Глядит он на небо недоброе

И думает о доме он,

И верит всё меньше заученным

Чужим иностранным словам…

Рекламы в глаза ему плещут огнём

Но видит мальчишка ветлу под окном,

Смоленской весною себя под ветлою —

И рядом отца своего!

Сейчас по Нью-Йорку холодному

Пусть ходит он, пусть бродит он,

Всё больше тоскуя по родине —

А Родина… есть у него![33]

Наверху хлопнула дверь. Все разом вскинули головы. Появился Вячеслав Тимофеевич, ещё несколько человек. Вячеслав Тимофеевич вёл, обняв за плечи, Дано. Лешка, шедший чуть сбоку и сзади, говорил громко и возмущённо:

— Но это же неправильно!!! Надо позвонить моему папе, у него есть знакомые газетчики… и вообще, надо что-то делать, это же неправильно!!!

— Да что случилось-то?! — крикнул, вскакивая, Тимка — нервы не выдержали. Ратмир, тоже спускавшийся сверху, ответил:

— Отца Данкиного наши в Гаагу выдали.

— Не ваши… — поправил Дано, не поднимая головы. — Это не ваши… это гады. Они не русские. Они не люди. Вы не виноваты.

— Как выдали? — спросил Олег, тоже вставая. — Почему выдали? Кто позволил? Как они могли… Гаага — это же убойный цех!

— Так выдали, — зло сказал Вячеслав Тимофеевич. Тимка почувствовал, как подошла и коснулась его плеча Олька, положил пальцы ей на руку, но не повернулся. — За преступления против человечности. За геноцид. За бандитизм. Схватили на рабочем месте, как нелегального мигранта и в тот же день выслали прямо в Гаагу.

— Да какого мигранта!!! — захлебнулся Тимка. — В городах полно этих мигрантов, а они…

— Помолчи, Тим, — попросил Вячеслав Тимофеевич. И заставил Дано посмотреть себе в глаза. — Вы будете жить с нами. Ты и Весна. И никто никогда не скажет, что вы тут чужие. И вас мы не отдадим ни властям, ни самому сатане.

Дано весь затрясся и, разрыдавшись, вцепился обеими руками в расшитую рубаху Вячеслава Тимофеевича. А тот, подняв голову, повысил голос:

— Ребята! Только что вы все стали свидетелями ещё одного акта невыразимой подлости нашей власти. На расправу… — он помедлил, — фашистам был выдан трусливыми гадами отважный партизанский командир, серб Славко Йован Зенич. У нас его сын и дочь. Так пусть же, пока жив хоть один из стоящих здесь, наша жизнь будет порукой их свободе! Я клянусь!
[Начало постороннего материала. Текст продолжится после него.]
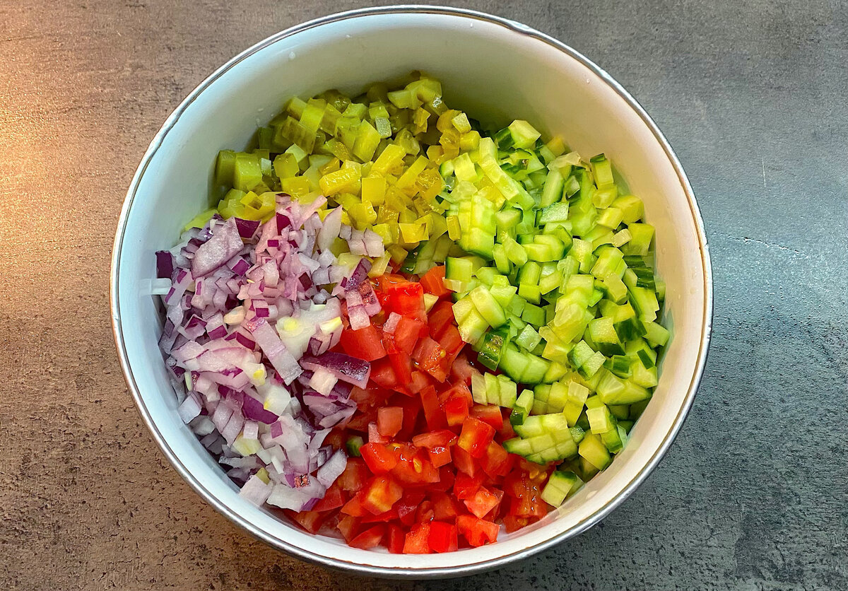 Перв шаг в создании идеальной шавермы — подготовка ингредиентов. Лук можно замариновать, чтобы он не был слишком резким. Для этого нарежьте лук, добавьте к нему столовую ложку сахара и уксуса, и залейте кипятком. Оставьте на 5 минут, затем слейте воду, сообщает канал "Домохозяйка со стажем Галина".

— Клянусь! — вскочил Игорь.

— Клянусь! — закричал Тимка, но его крик потонул в других криках.

Кричали даже самые младшие…

Дано поднял искажённое, залитое слезами лицо. Но странно — губы его улыбались. Тряслись и улыбались.

— Брача… сестре… — сказал он. — Брача… сестре… руси… благо…

И он заплакал снова. Тогда Мирослав — тот самый Мирослав, которого вместе с сестрой-близняшкой дядя Слава купил за водку у родителей — вдруг оттолкнулся от стола и. взбежав на лестницу, обнял Дано за пояс и звонко сказал:

— Не плачь, пожалуйста! Я вырасту и мы вместе освободим твоего папку!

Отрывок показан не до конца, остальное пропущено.